- Leagues: MICAA
- Location: Philippines
- Head coach: Arturo Valenzona
- Championships: MICAA: 4x

= Apcor Financiers =

The Apcor Financiers were a basketball club which played in the Manila Industrial and Commercial Athletic Association (MICAA).

==History==
The Apcor Financiers entered the Manila Industrial and Commercial Athletic Association (MICAA) in 1980. Arturo Valenzona was the head coach and Apcor president Armand Santos was the team manage.

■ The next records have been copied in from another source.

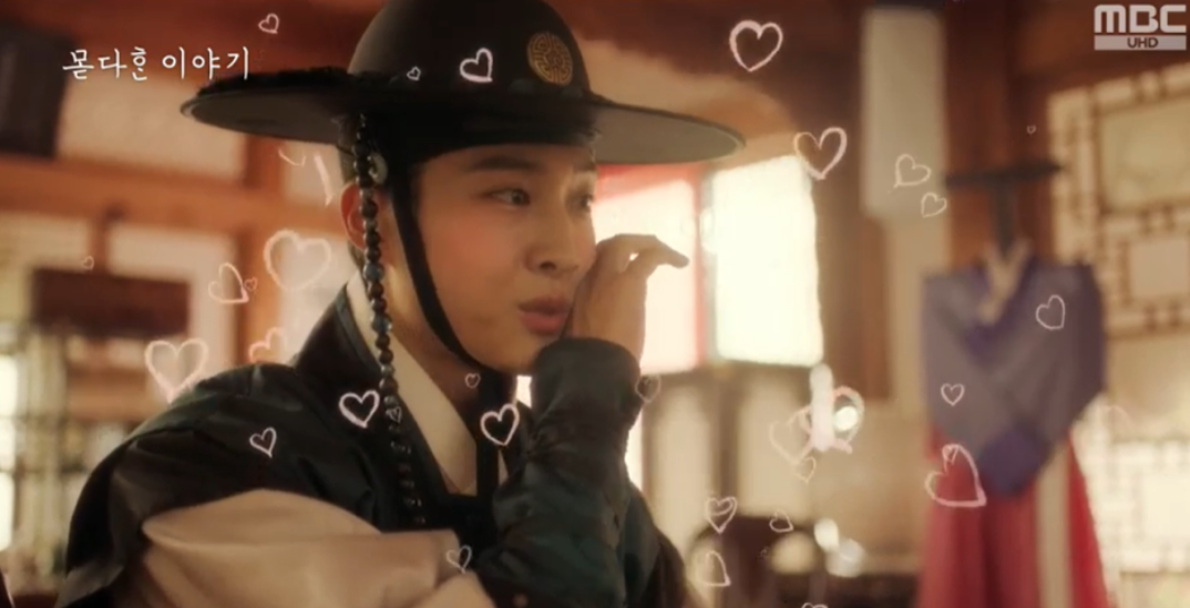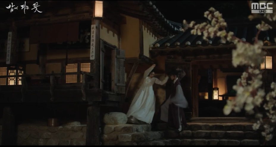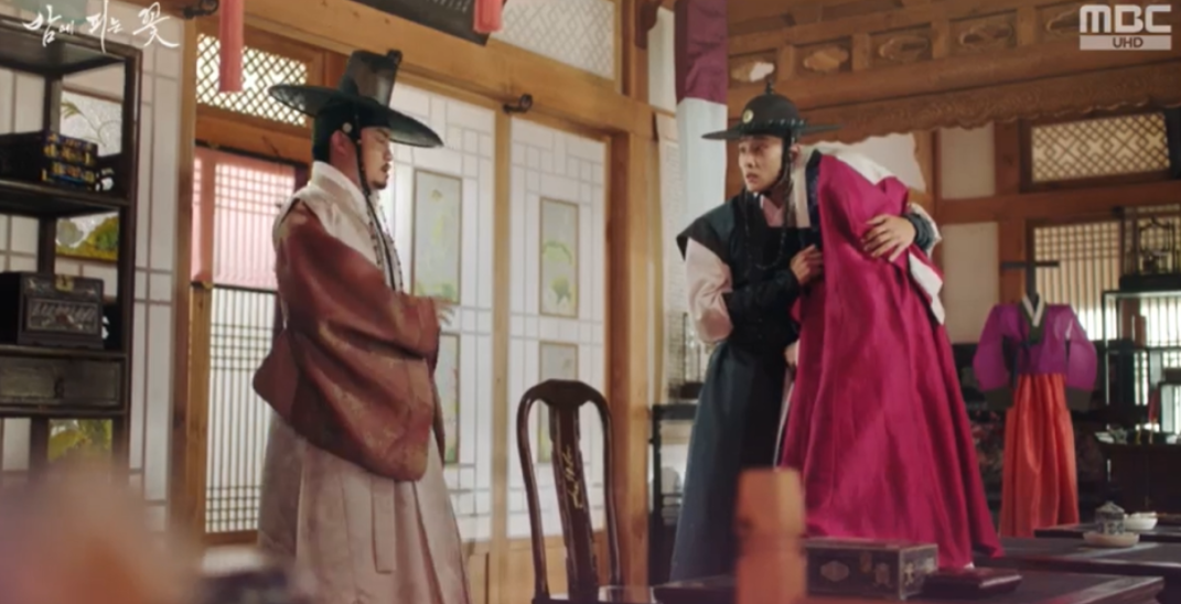 갑자기 대행수를 만나러 요섭이 들어오자 여화가 신분을 들킬까봐 수호는 여화를 안아 가려주고, 요섭은 여화가 수호의 정인이라고 생각하고는 둘만의 시간을 방해했다는 생각에 서둘러 사과를 하고 나갑니다.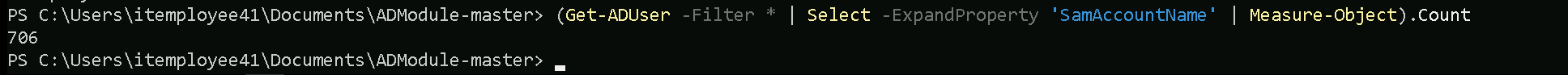 As it is possible to see, we do have a huge number of users inside the current domain. if we really want to know the total number of users inside this domain, we can use the Measure-Object and this will count and deliver the total number of users.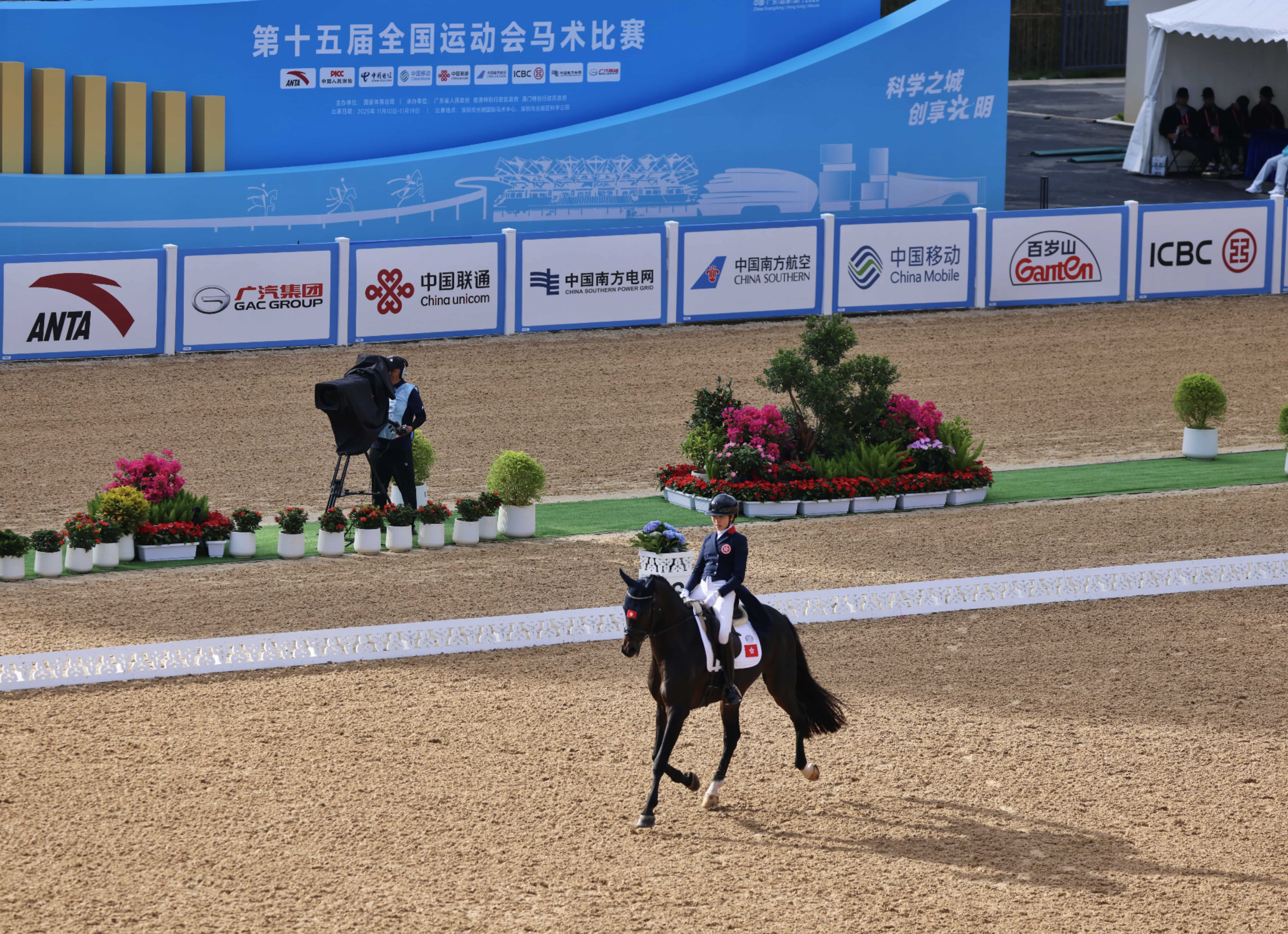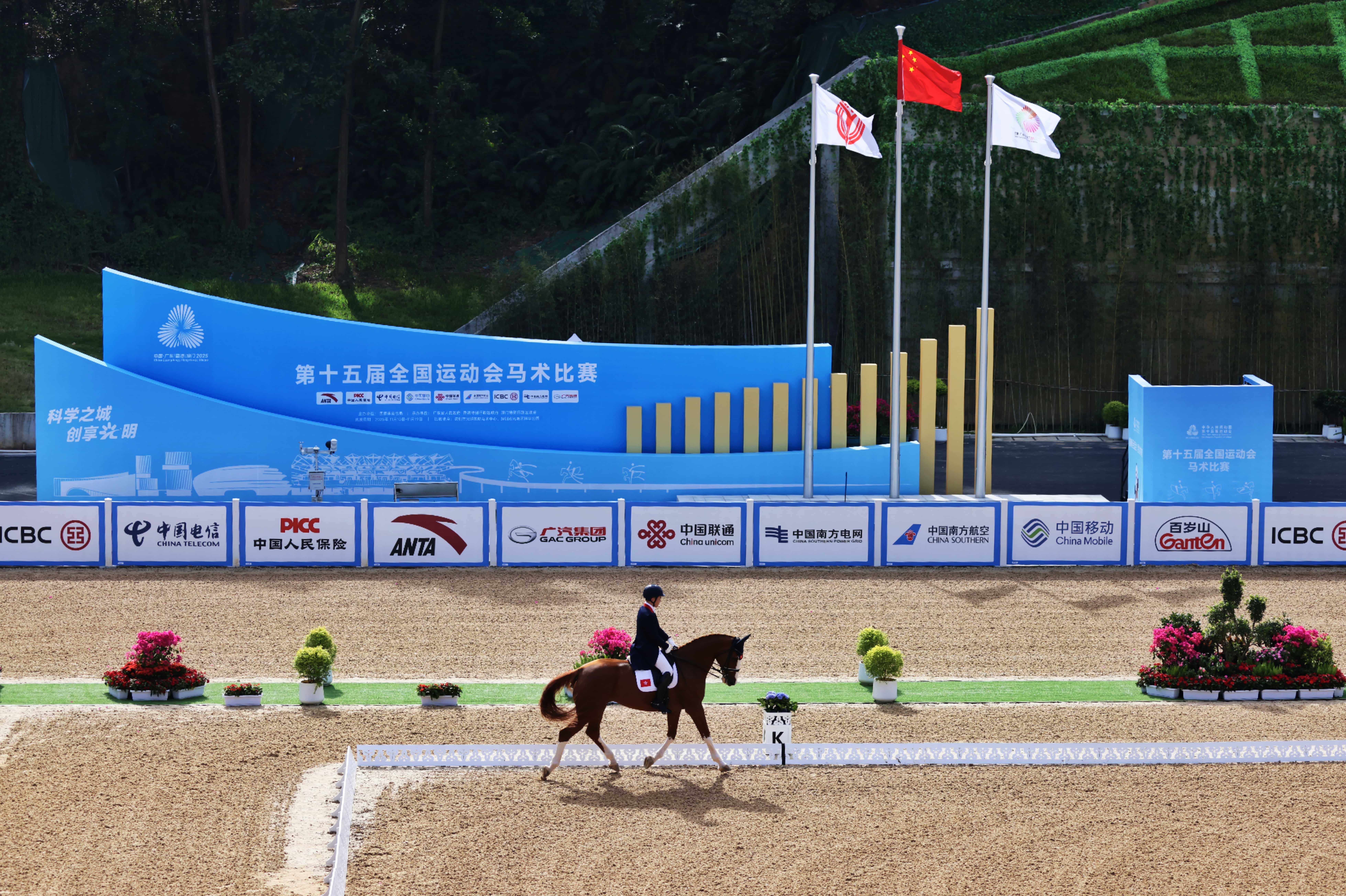 Hong Kong athlete Chen Baoling competes in the equestrian dressage event at the 15th National Games of the People's Republic of China on Nov 10, 2025, in Shenzhen, South China's Guangdong province. (PARKER ZHENG/CHINA DAILY)

They won the 1980 title at the YCO Painters defeating their opponents 2–1 in the finals series. They were the only fourth team to win a title in the MICAA which was established in 1938. They won the MICAA Invitationals in the same year.

For the last ever MICAA season in 1981. Apcor won the opening tournament at Crispa 400's expense. Their fourth title was won in the second tournament which ended in August 1981. Jag Jeans were the runner-up.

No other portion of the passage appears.